In the summer of 1925, when dancer Jane Sherman boarded the SS Jefferson in Seattle for a tour of Asia, she had no idea what awaited her. She was just 17, leaving home to be on the road for nearly a year and a half. Sherman was a rising star in the dance company of the Denishawn School of Dancing and Related Arts, an academy founded by modern dance pioneers Ruth St Denis and Ted Shawn.

Her troupe was set to travel to Japan, China, Singapore, Burma (then a part of British India), India, Ceylon, Java and the Philippines before sailing back to the United States. During the tour, the Americans learned local dance forms and improvised on them. India was their longest stop.

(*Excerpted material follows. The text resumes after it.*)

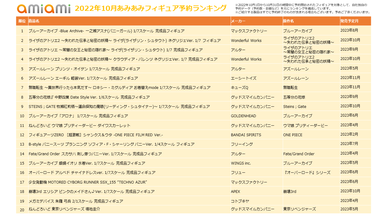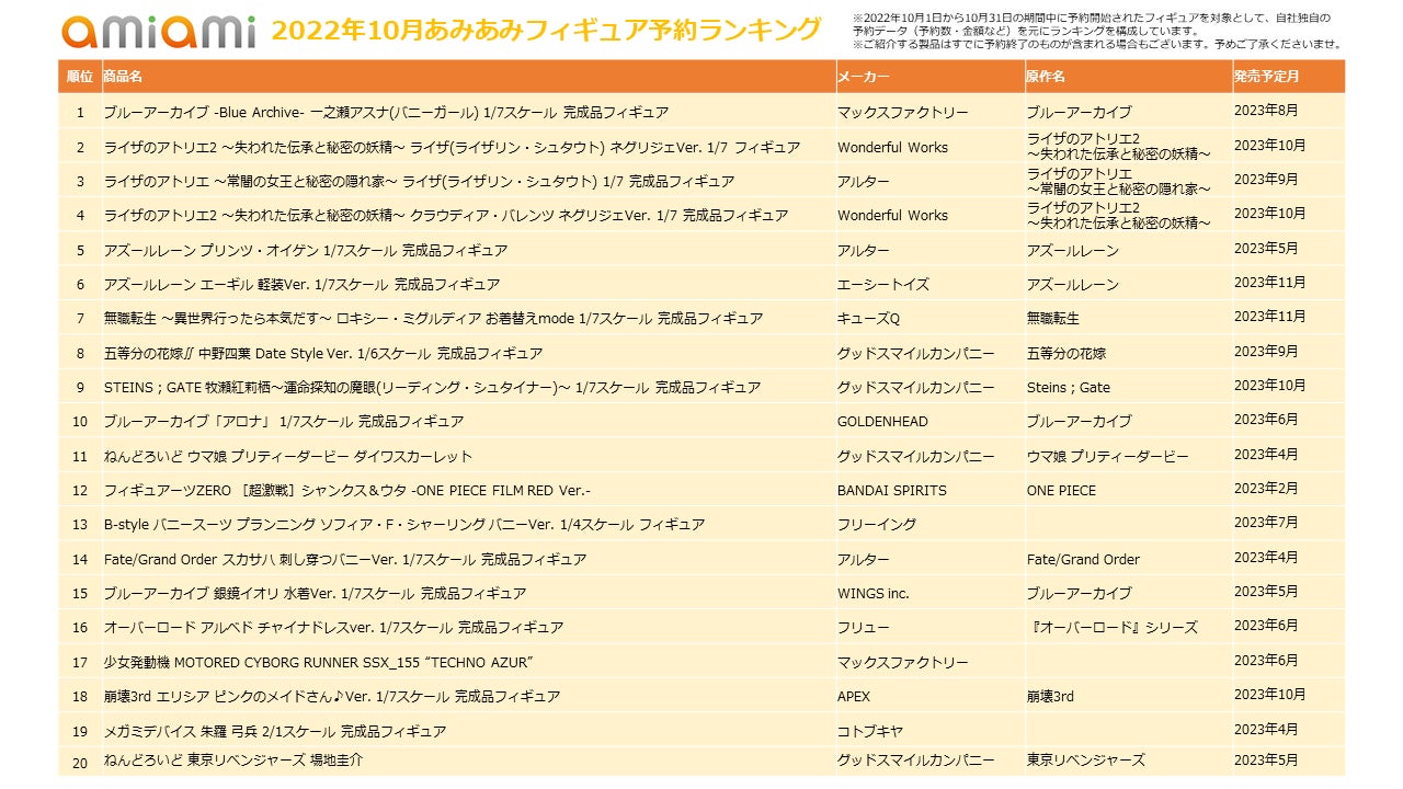 - ホビーショップ『あみあみ』の「2022年10月フィギュア予約ランキング」を発表!

India’s peculiarities did not always endear it to Sherman, who found its living and travelling conditions challenging. She maintained a diary throughout the journey and regularly wrote letters to her mother, which were later compiled into a book titled Soaring: The Diary and Letters of A Denishawn Dancer In the Far East, 1925-1926 . Male attention The dance company spent Christmas and New Year in Rangoon, before boarding the British India Steam Navigation Company’s SS Ellora for Calcutta.

By this time Sherman seemed to have tired of places like Singapore and Rangoon, where she said “there wasn’t so much of startling interest to see, study or do”. In a letter to her mother from the ship, she said the shopping and “gadding” were fun but tended to get boring. “But I’m learning all I can and lookin.